#### Problem requirements:
Could you please transcribe the data exactly, without the pictures?

#### Information provided:
◇ ◇ ◇ ◇ ◇ ◇ ◇

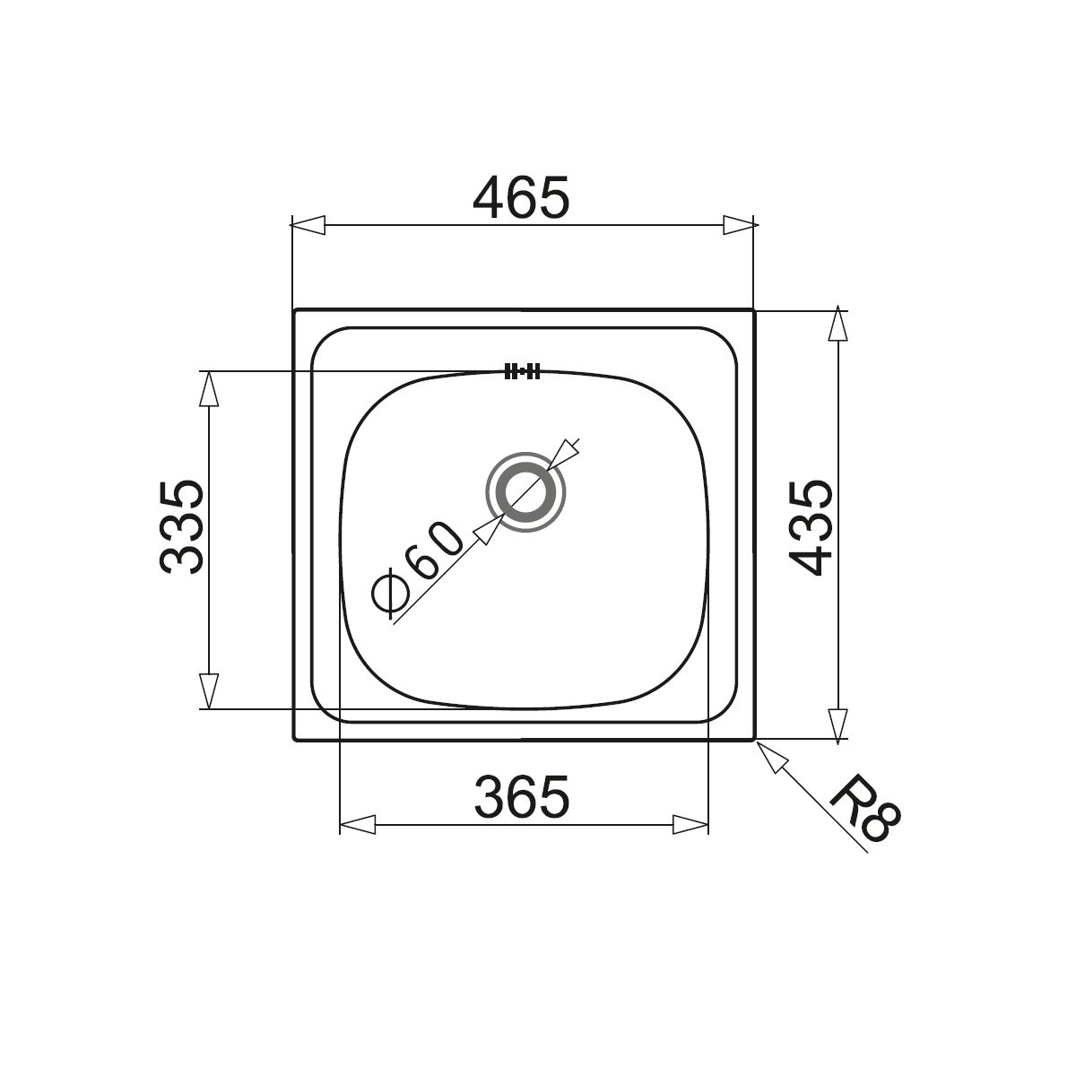 - Abmessungen des Spülbeckens: 435 x 435 mm
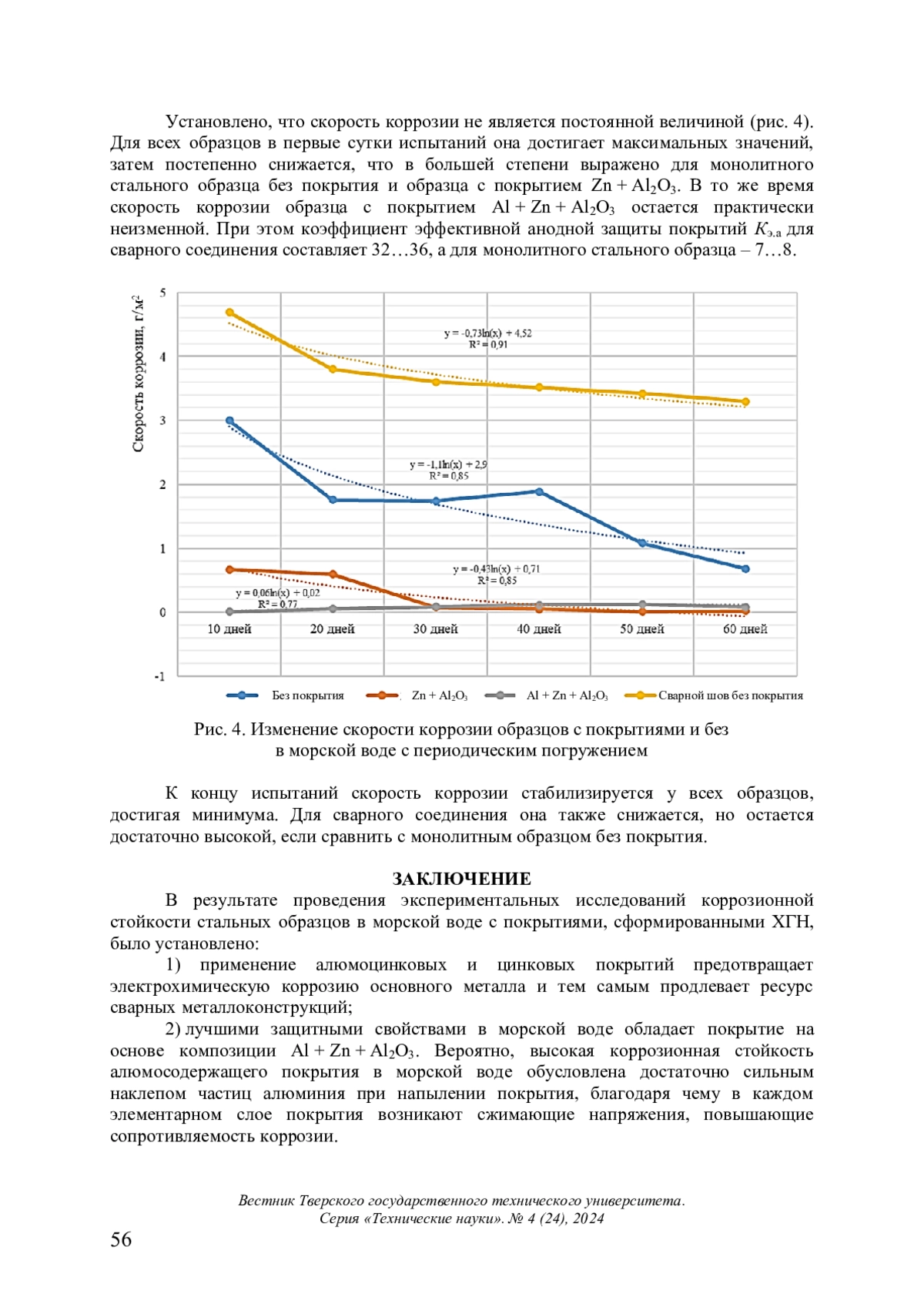 Представлены результаты экспериментальных исследований коррозионной стойкости стальных образцов, покрытых антикоррозионными составами, в 3,4%-м растворе хлорида натрия. Установлено, что металлокерамические покрытия на основе композитов Zn + Al2O3 и Аl + Zn + Al2O3, сформированные холодным газодинамическим напылением, существенно повышают сопротивляемость коррозии в морской воде у сварных соединений из стали, а также монолитных стальных образцов
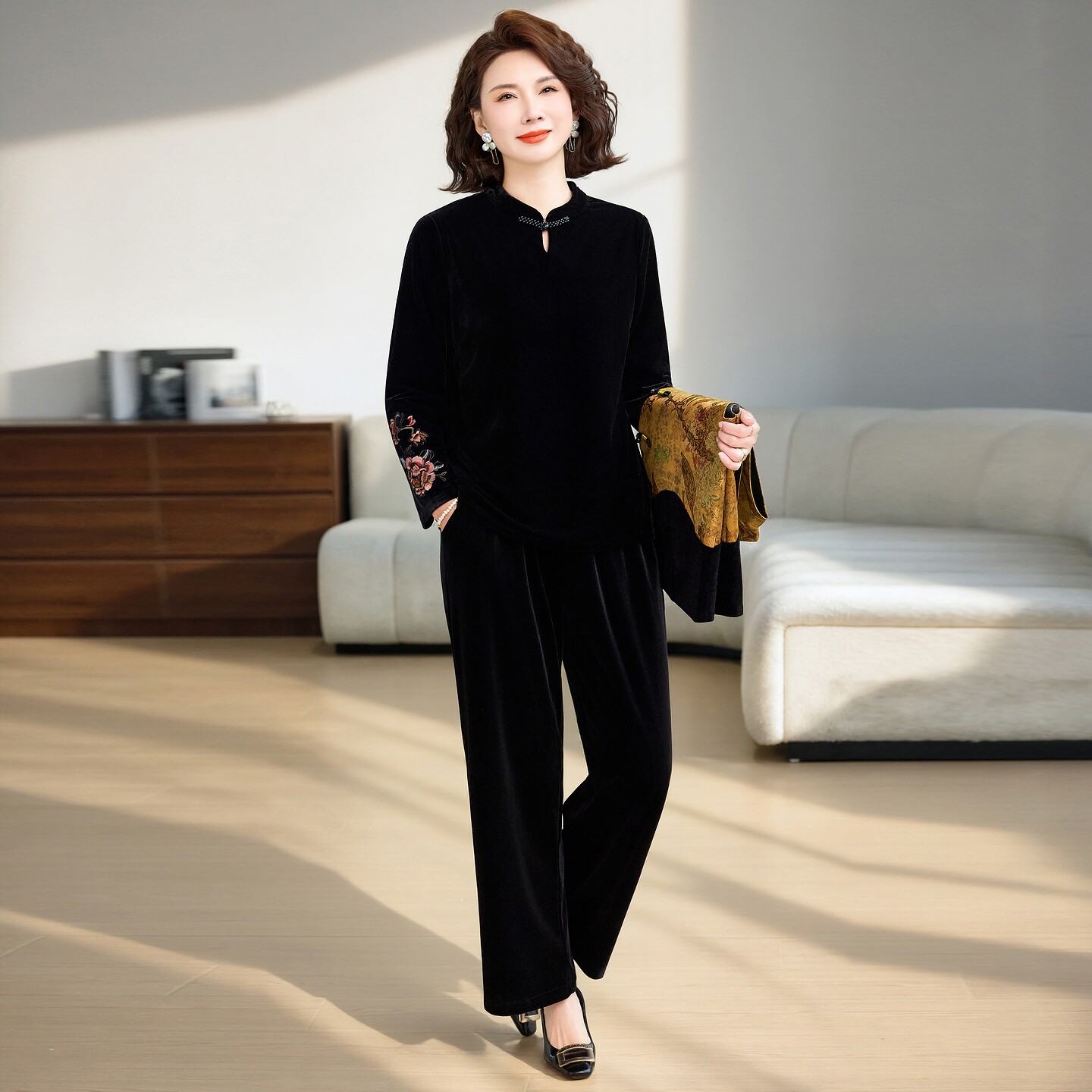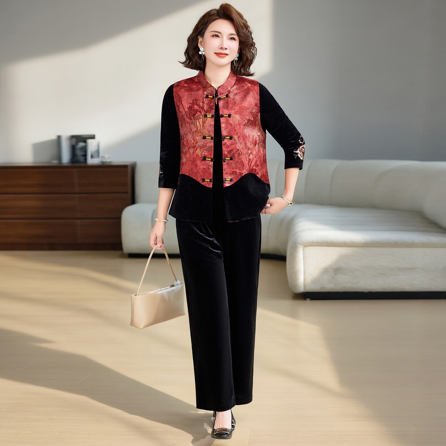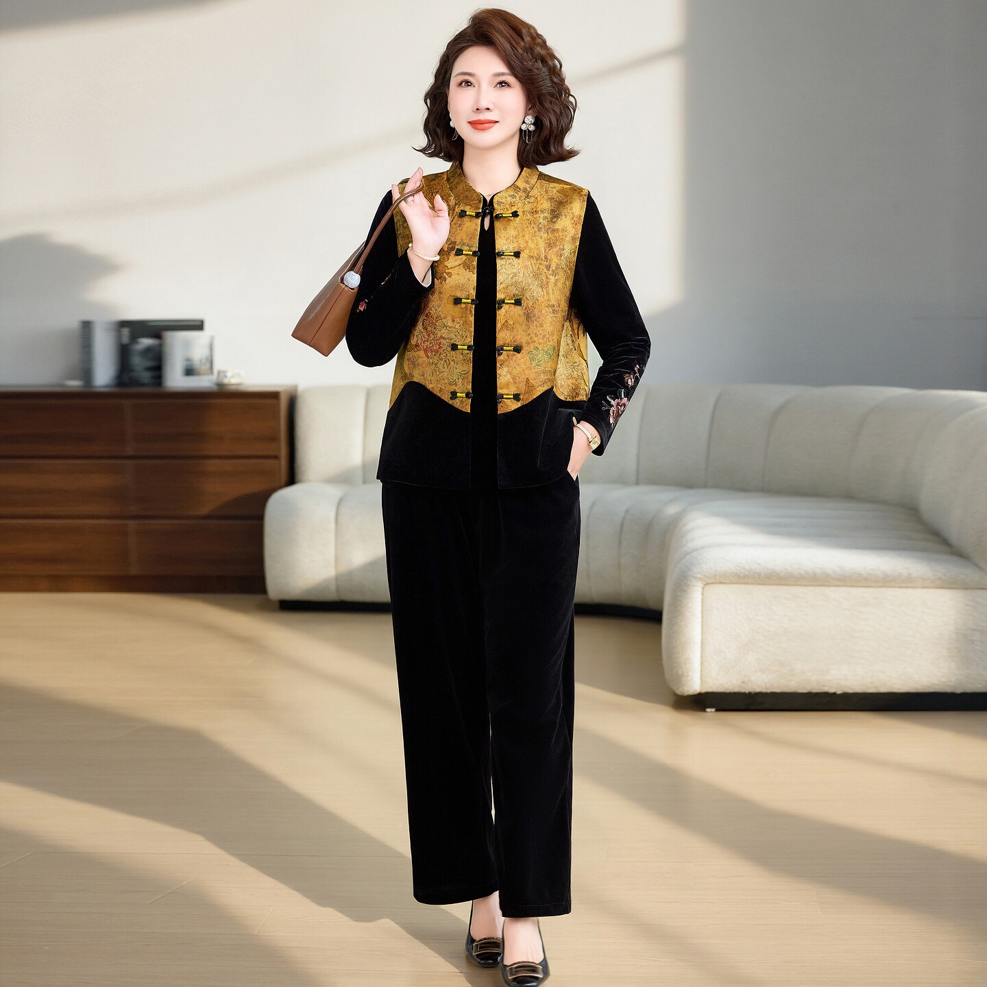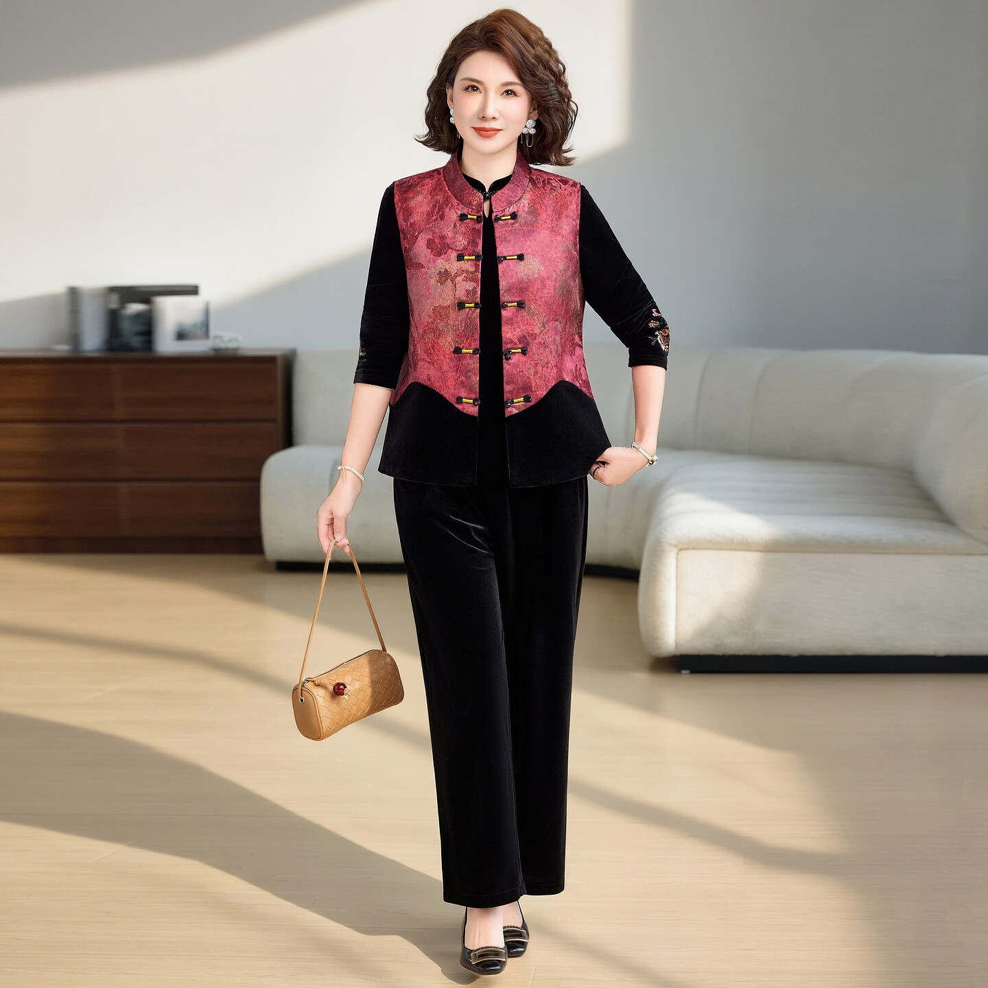 新中式风妈妈春装立领盘扣马甲三件套中老年女装洋气高贵气质套装

◇ ◇ ◇ ◇ ◇ ◇ ◇

#### Completed task:
 - Abmessungen des Spülbeckens: 435 x 435 mm
 Представлены результаты экспериментальных исследований коррозионной стойкости стальных образцов, покрытых антикоррозионными составами, в 3,4%-м растворе хлорида натрия. Установлено, что металлокерамические покрытия на основе композитов Zn + Al2O3 и Аl + Zn + Al2O3, сформированные холодным газодинамическим напылением, существенно повышают сопротивляемость коррозии в морской воде у сварных соединений из стали, а также монолитных стальных образцов
 新中式风妈妈春装立领盘扣马甲三件套中老年女装洋气高贵气质套装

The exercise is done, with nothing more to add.